Varicose veins develop when the small valves inside the veins stop working properly. In a healthy vein, blood flows smoothly back to the heart and is prevented from flowing backwards by a series of tiny valves, which open and close to let blood through. If these valves weaken, or are damaged, the blood flows backwards, and collects in the vein, eventually causing it to be varicose.

There are several reasons why they might just suddenly appear. Varicose veins tend to be hereditary. If your mother or grandmother had them during pregnancy, you can probably get them too. The good news is that they tend to get better after delivery.

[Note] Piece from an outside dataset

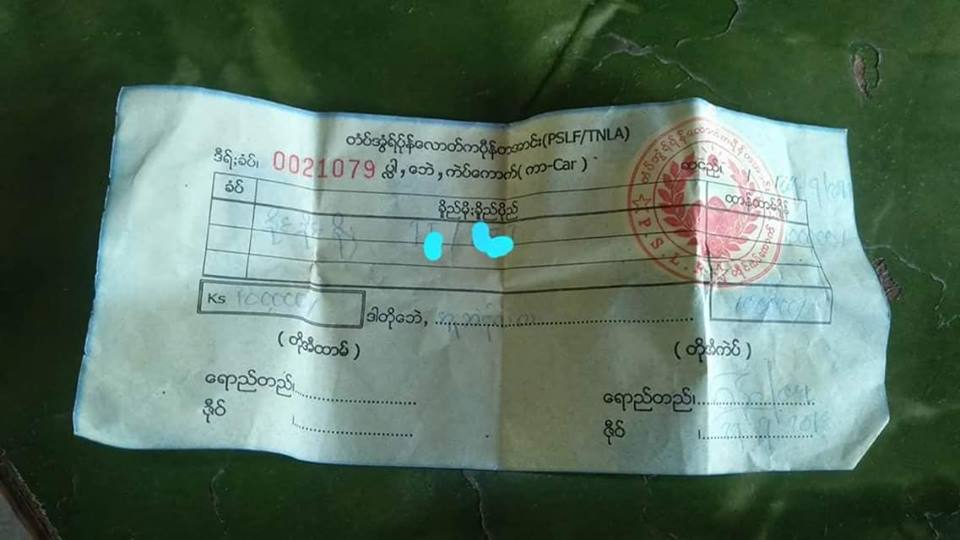 TNLA လက်နက်ကိုင် အတွက် နှစ်စဉ် အကောက်ခွန် အတွက်ကောက်ခံကြောင်း၊ ခရီးသည် တင်ကားများ ၊ ကုန် တင်ကားများ ခရီးသည်တင်ကားများကို ကားအမျိုးအစားပေါ် မူတည်ပြီး ကားသေးများကို တစီးလျှင် တသိန်း၊ ၁၂ ဘီး နှင့် အထက် ကို ကားတစီးလျှင် ၃သိန်းမှ ၅သိန်း ပေးဆောင်ရကြောင်း အိမ်စီးကားကို တစီးလျှင် ၂ သောင်း ခန့် ဆောင်ရကြောင်း ကားသမား အသိုင်းအဝန်းက ပြောပြသည်။

In another case, a 31-year-old store manager working on his feet most of the day suffered from ulcer that would not heal for a few years. Nothing worked despite several kinds of treatment. Finally he too was treated with a combination of laser and surgical treatment, which is the best form of treatment for young patients. He recovered completely in four weeks.

Treatment options

So what are the most effective treatments available? The type of treatment depends on your general health and the size, position, and severity of your varicose veins. The most effective method is endovenous laser along with hook phlebectomy. Other available treatments include use of compression stockings, sclerotherapy, which is usually suitable for people who have small to medium-sized varicose veins. This involves a special chemical being injected into the veins that works by scarring the veins and then seals them closed. Surgery may be required when large varicose veins need to be removed,

The other option is endovenous laser treatment where a narrow tube, known as catheter, is inserted into the vein using an ultrasound scan. A tiny laser is then passed through the catheter and positioned at the top of the varicose vein. It emits short bursts of energy, heating the vein up and sealing it closed. The laser is slowly pulled along the vein using the ultrasound scan as a guide, allowing the entire length of the vein to be closed.

The author is a Mumbai-based vascular surgeon.